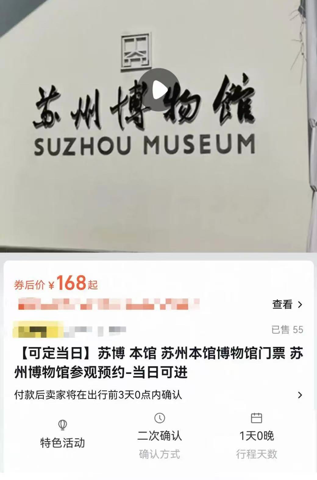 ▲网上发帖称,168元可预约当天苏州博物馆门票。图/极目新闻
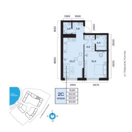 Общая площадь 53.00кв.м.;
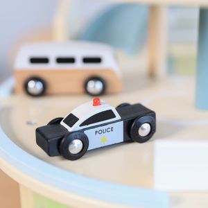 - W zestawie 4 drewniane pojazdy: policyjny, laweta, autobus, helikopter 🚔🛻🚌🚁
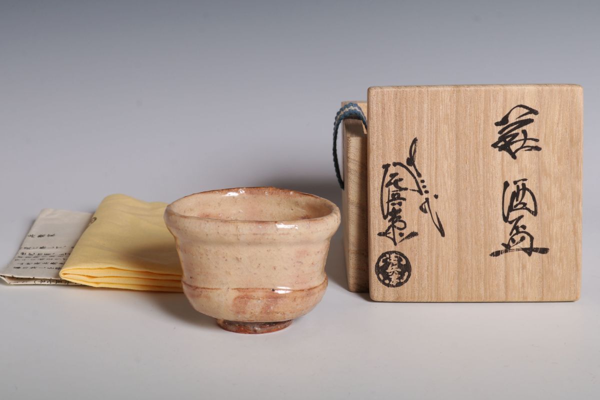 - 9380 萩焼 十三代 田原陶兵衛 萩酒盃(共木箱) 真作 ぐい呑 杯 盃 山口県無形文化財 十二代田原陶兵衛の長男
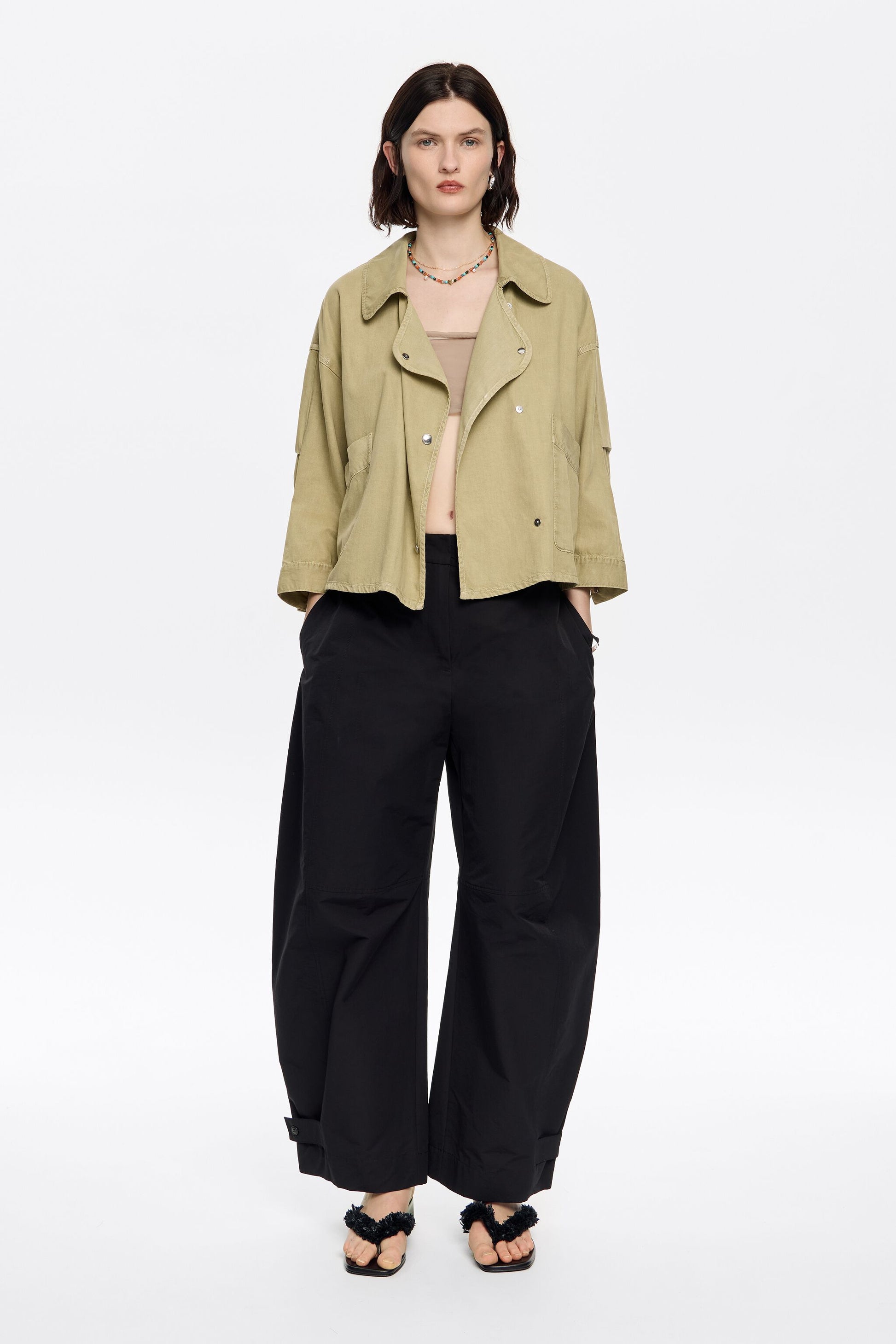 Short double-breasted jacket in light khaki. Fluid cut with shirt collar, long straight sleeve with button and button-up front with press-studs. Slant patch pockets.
____
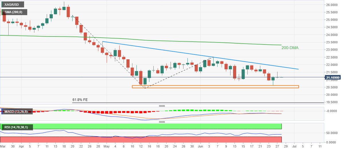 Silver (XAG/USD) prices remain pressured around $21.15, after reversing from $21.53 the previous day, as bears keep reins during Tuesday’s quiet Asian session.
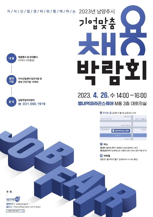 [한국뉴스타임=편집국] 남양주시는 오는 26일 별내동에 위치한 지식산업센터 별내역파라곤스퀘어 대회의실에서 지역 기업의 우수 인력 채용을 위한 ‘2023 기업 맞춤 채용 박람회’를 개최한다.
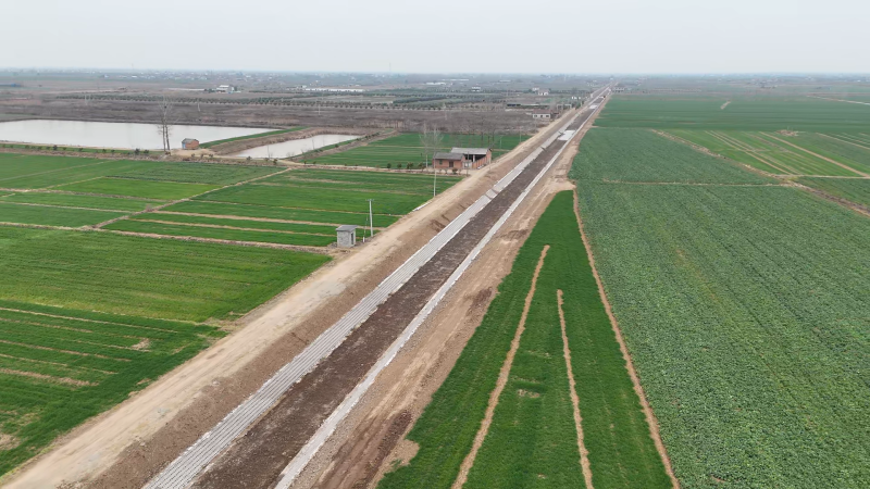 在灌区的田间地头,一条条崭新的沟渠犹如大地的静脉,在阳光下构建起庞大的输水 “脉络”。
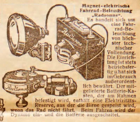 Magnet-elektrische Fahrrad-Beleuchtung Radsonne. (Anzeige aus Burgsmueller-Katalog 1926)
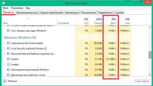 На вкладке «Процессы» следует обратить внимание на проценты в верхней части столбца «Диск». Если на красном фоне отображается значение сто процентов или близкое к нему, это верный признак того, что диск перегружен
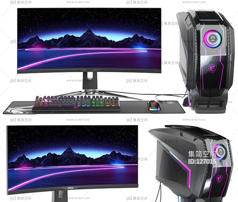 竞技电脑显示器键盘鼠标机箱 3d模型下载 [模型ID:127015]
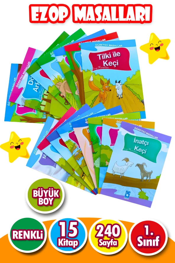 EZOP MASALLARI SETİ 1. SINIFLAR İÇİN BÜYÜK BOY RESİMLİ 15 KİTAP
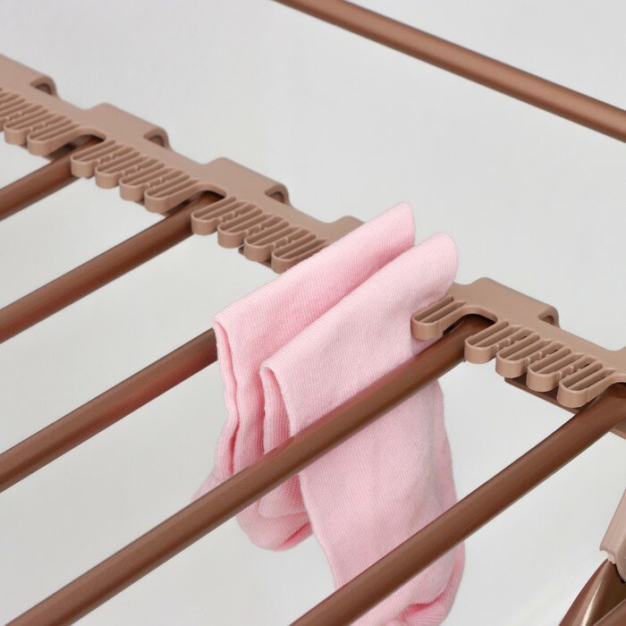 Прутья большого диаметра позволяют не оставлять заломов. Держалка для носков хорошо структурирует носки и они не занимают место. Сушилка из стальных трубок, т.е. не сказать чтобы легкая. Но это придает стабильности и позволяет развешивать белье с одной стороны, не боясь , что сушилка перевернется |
____
● INSTRUCTIONS FOR THE TASK: In the data above, take the line with "竞技电脑显示器键盘鼠标机箱 3d模型下载 [模型ID:127015]", the line with "Прутья большого диаметра", and every line between, and set them down exactly without pictures.

● SOLUTION TO THE PROBLEM:
 竞技电脑显示器键盘鼠标机箱 3d模型下载 [模型ID:127015]
 EZOP MASALLARI SETİ 1. SINIFLAR İÇİN BÜYÜK BOY RESİMLİ 15 KİTAP
 Прутья большого диаметра позволяют не оставлять заломов. Держалка для носков хорошо структурирует носки и они не занимают место. Сушилка из стальных трубок, т.е. не сказать чтобы легкая. Но это придает стабильности и позволяет развешивать белье с одной стороны, не боясь , что сушилка перевернется |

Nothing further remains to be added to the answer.